You may revoke your offer
to purchase the notes at any time prior to the time at which we accept such
offer by notifying the applicable agent. We reserve the right to change the
terms of, or reject any offer to purchase, the notes prior to their issuance.
In the event of any changes to the terms of the notes, we will notify you
and you will be asked to accept such changes in connection with your purchase.
You may also choose to reject such changes in which case we may reject your
offer to purchase.
You should read this term
sheet together with the prospectus dated November 21, 2008, as supplemented
by the prospectus supplement dated November 21, 2008 relating to our Series
E medium-term notes of which these notes are a part, and the more detailed
information contained in product supplement no. 206-A-I dated March 4, 2011.

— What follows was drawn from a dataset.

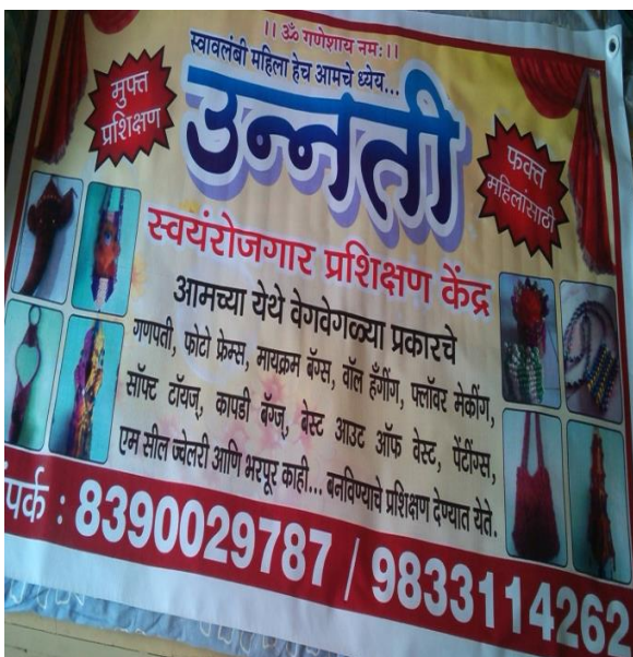
Figure 2. Unnati's Flex banners for Workshops.

1 st Unnati Workshop was conducted on 12.10.2014 at Balgovind, Marathi medium school, Andheri (E), Mumbai-400093. Total 17 participants and a leader's team of 7 people who worked hard to bring this workshop in reality. 1 st Unnati Workshop on 12.10.2014:-

This term sheet, together with the documents listed below, contains the
terms of the notes and supersedes all other prior or contemporaneous oral
statements as well as any other written materials including preliminary or
indicative pricing terms, correspondence, trade ideas, structures for implementation,
sample structures, fact sheets, brochures or other educational materials of
ours. You should carefully consider, among other things, the matters
set forth in Risk Factors in the accompanying product supplement no. 206-A-I,
as the notes involve risks not associated with conventional debt securities.
We urge you to consult your investment, legal, tax, accounting and other advisers
before you invest in the notes.
You may access these documents
on the SEC website at www.sec.gov as follows (or if such address has changed,
by reviewing our filings for the relevant date on the SEC website):
Our Central Index Key, or CIK, on the SEC website
is 19617. As used in this term sheet, the Company, we, us and our
refer to JPMorgan Chase & Co.
Supplemental
Terms of the Notes
For purposes of the notes
offered by this term sheet:
(1) the Observation Date is
subject to postponement as described under Description of Notes Postponement
of a Determination Date C. Notes linked to a single Index in the accompanying
product supplement no. 206-A-I;
(2) the consequences of a commodity
hedging disruption event are described under General Terms of Notes Consequences
of a Commodity Hedging Disruption Event C. Early Acceleration of Payment on
the Notes; and
(3) for purposes of calculating
the amount due and payable per $1,000 principal amount note upon acceleration
due to an event of default as described under General Terms of Notes Payment
upon an Event of Default in the accompanying product supplement
no. 206-A-I, the date of acceleration will also be deemed to be the last day
of the Monitoring Period.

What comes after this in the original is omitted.